======== Supplied data

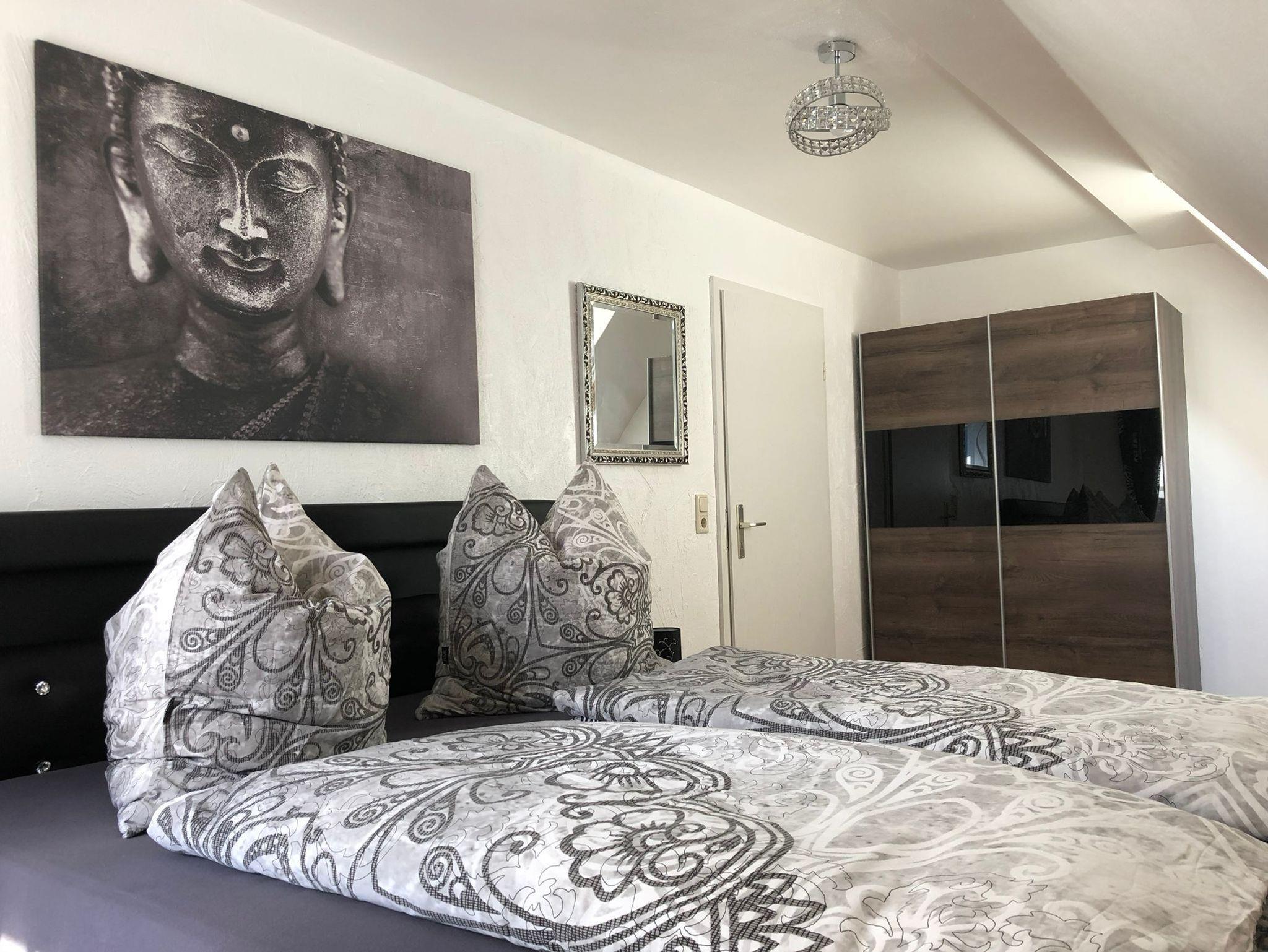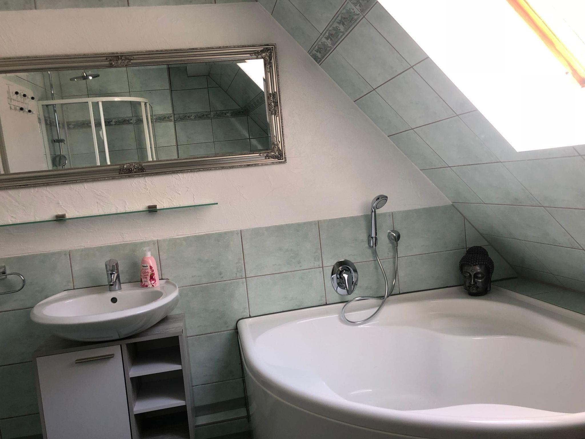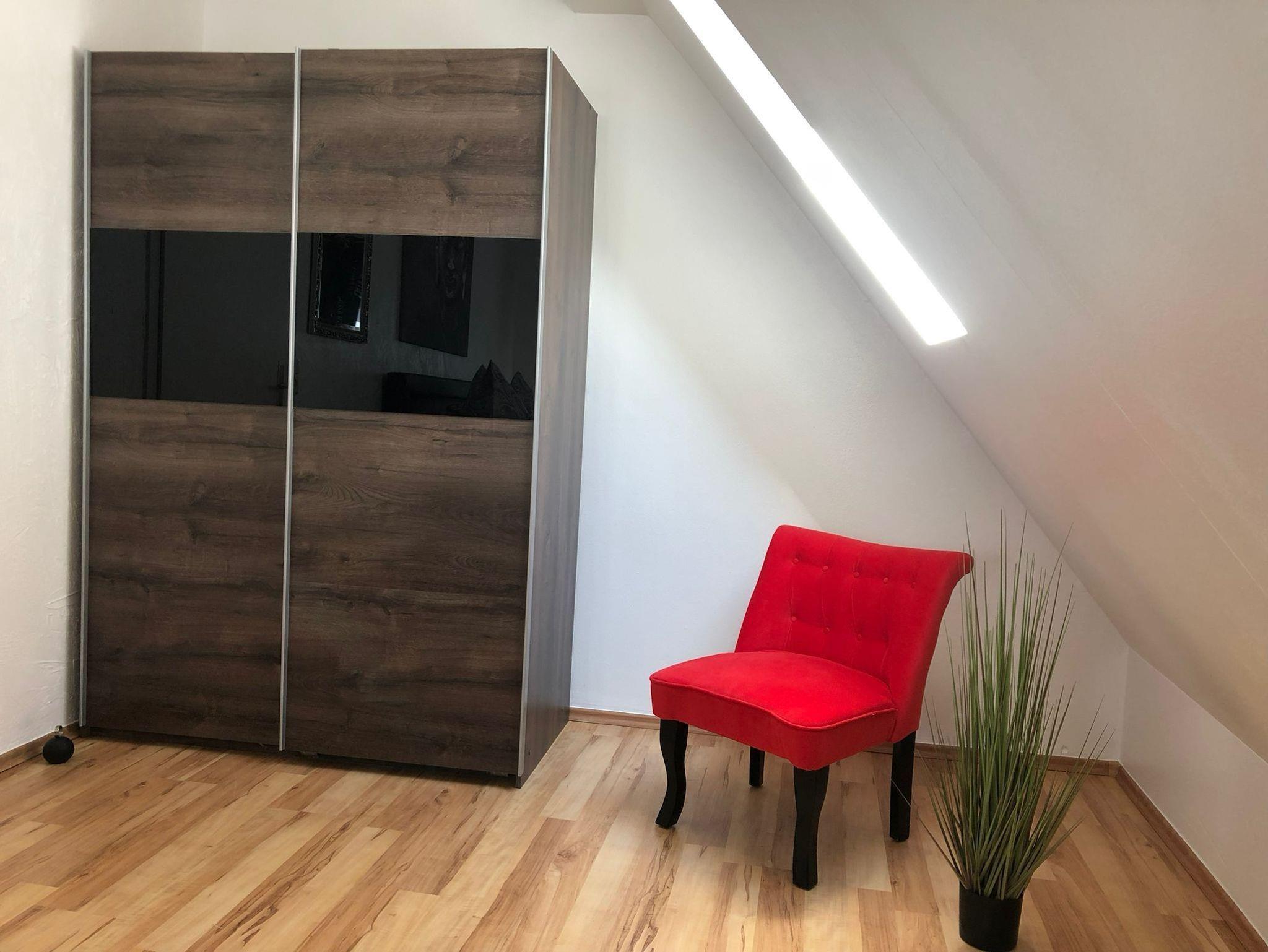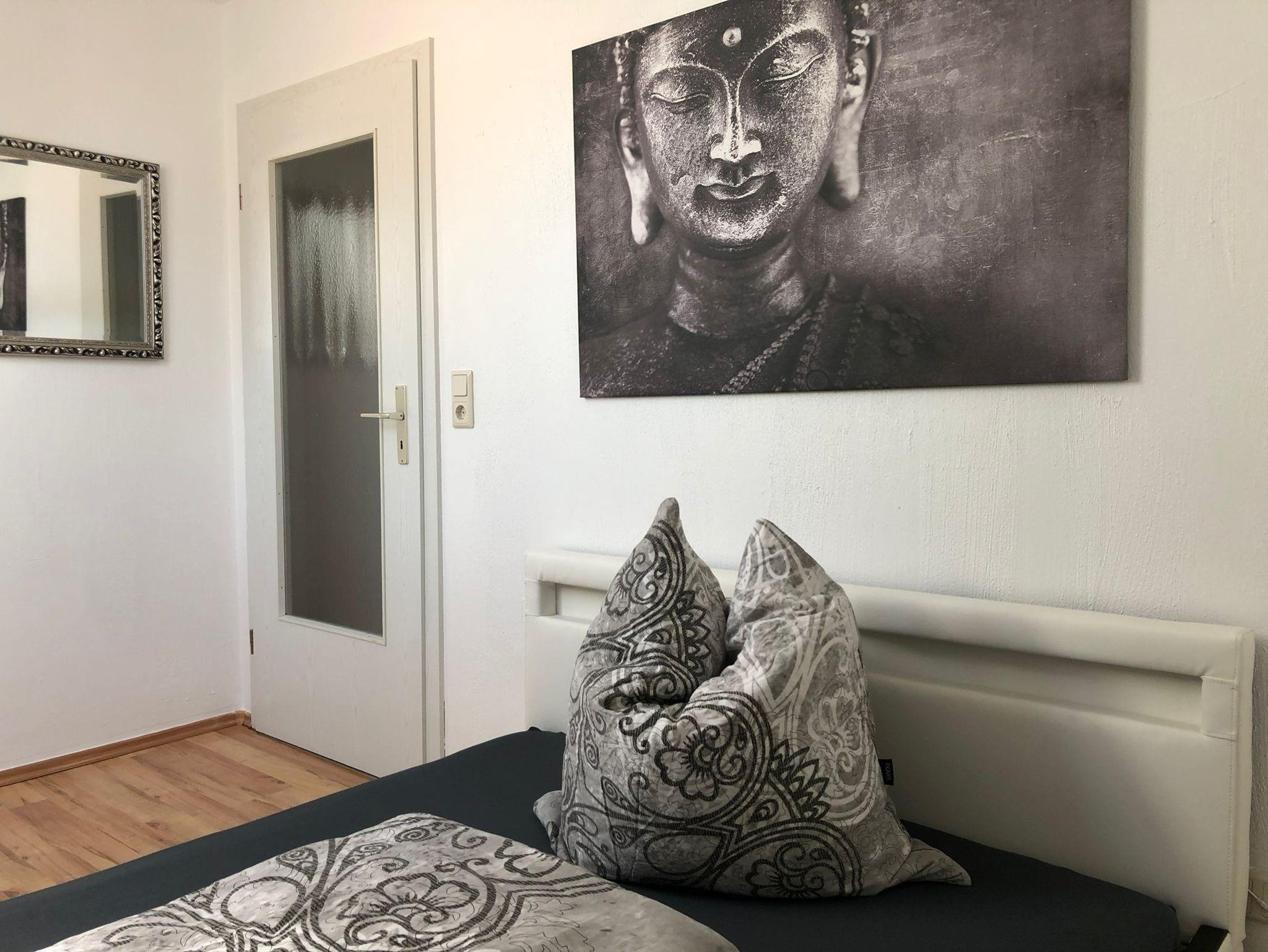 Die Ferienwohnung verfügt über einen Schlafraum mit einem Boxspringbett mit bequemer Schlafhöhe sowie einem Kleiderschrank. Das Einzelbett im zweiten Schlafzimmer besitzt mit 1,40m eine bequeme Breite. Im Kinderzimmer steht ein Etagenbett. Dort sind auch einige Spielsachen für die Kleinen. Ein Bad mit Badewanne, Dusche und WC vervollständigt das Altstadt-Apartment.
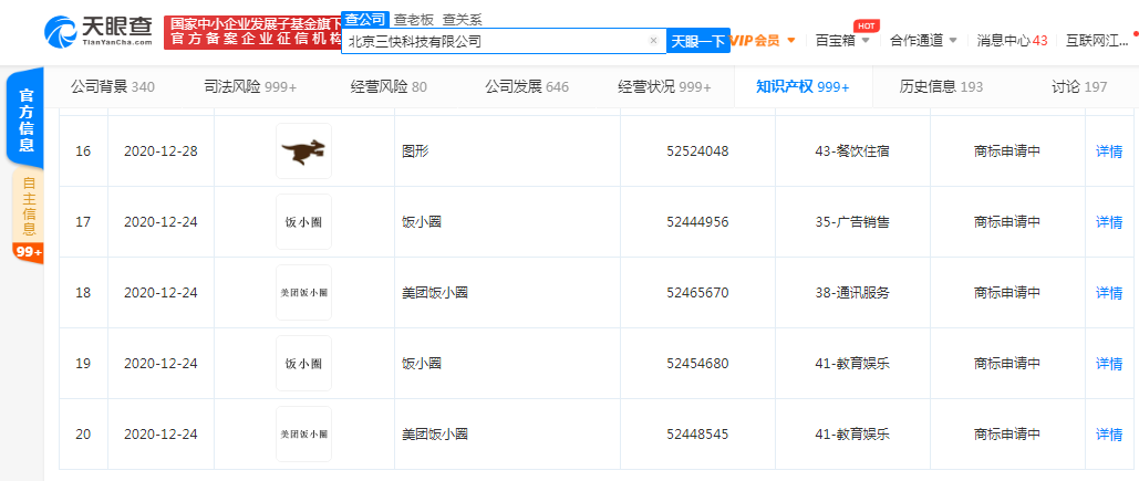 根天眼查App信息显示,近日,美团关联公司北京三快科技有限公司申请注册多个商标,其中包括“饭小圈”、“美团饭小圈”等商标,国际分类涉及通讯服务、社会服务等,商标状态均为“商标申请中”。
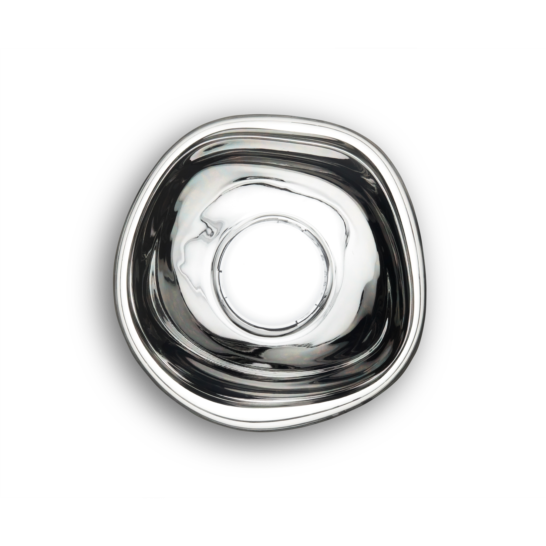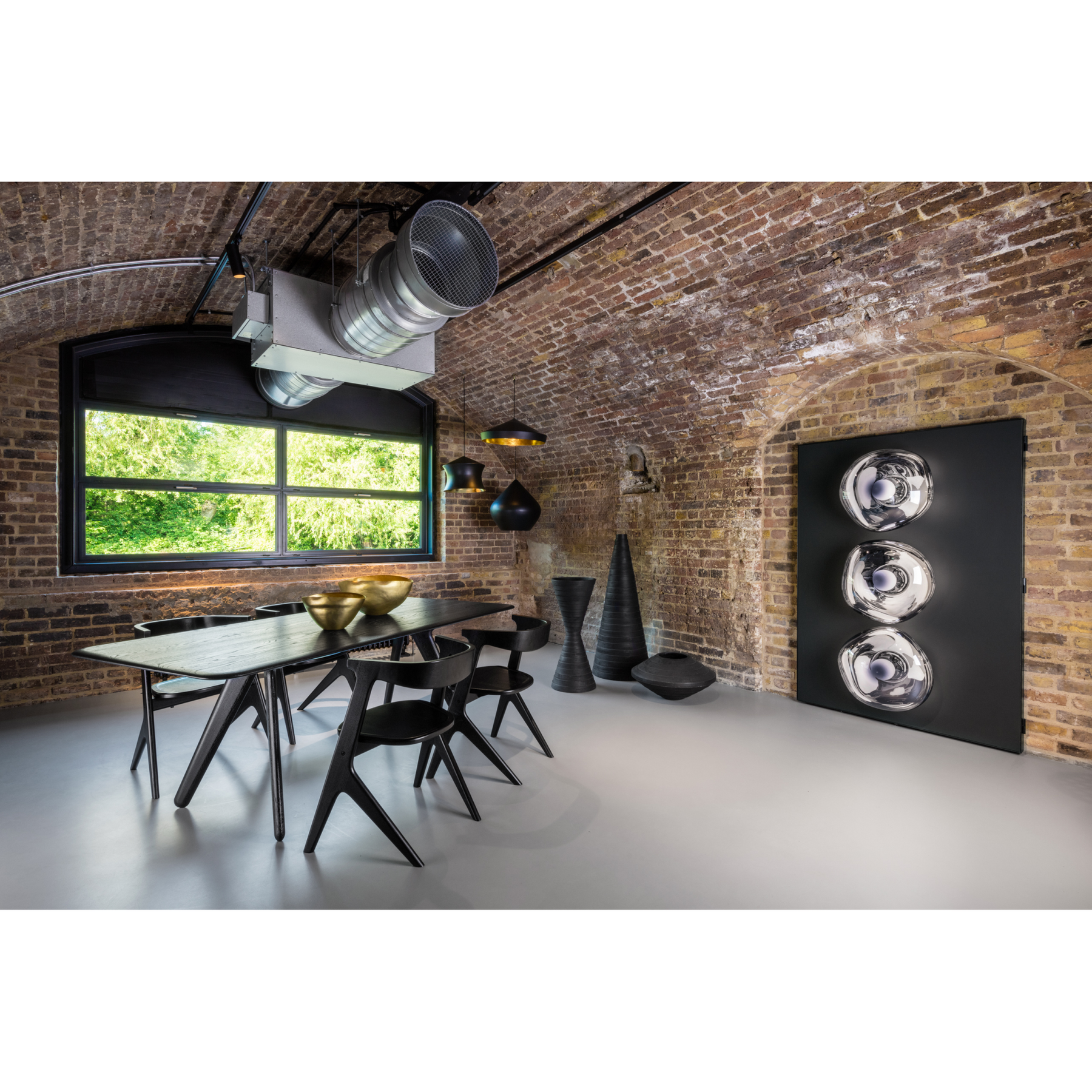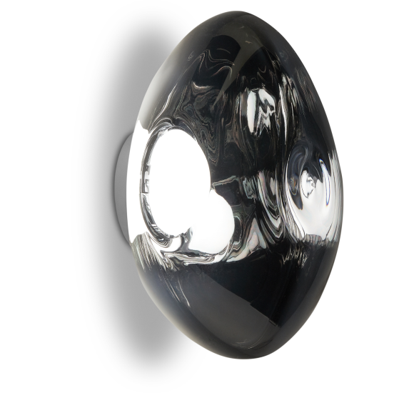 Tom Dixon Melt Surface Silver LED væglampe Ø50 cm kombinerer kunstnerisk design med funktionel belysning. Dens organiske form og spejlblanke overflade skaber et dramatisk udtryk, der både fungerer som kunstværk og lyselement i rummet.
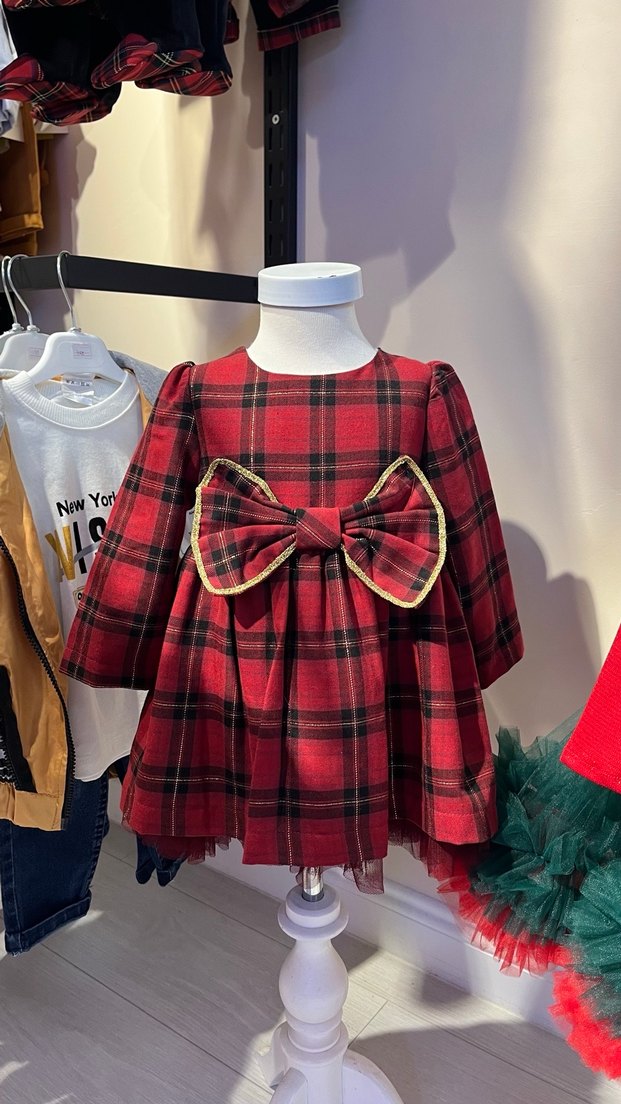 Uzun kollu, yuvarlak yakalı ve büyük fiyonk detaylı kırmızı ekose desenli kız çocuk elbisesi. 6-9-12-18 ayları mevcut

================

What is being asked ▸ Omit the pictures. Transcribe word for word the lines from the one containing "Tom Dixon Melt" through the end of the listing, inclusive.

Your solution ▸
 Tom Dixon Melt Surface Silver LED væglampe Ø50 cm kombinerer kunstnerisk design med funktionel belysning. Dens organiske form og spejlblanke overflade skaber et dramatisk udtryk, der både fungerer som kunstværk og lyselement i rummet.
 Uzun kollu, yuvarlak yakalı ve büyük fiyonk detaylı kırmızı ekose desenli kız çocuk elbisesi. 6-9-12-18 ayları mevcut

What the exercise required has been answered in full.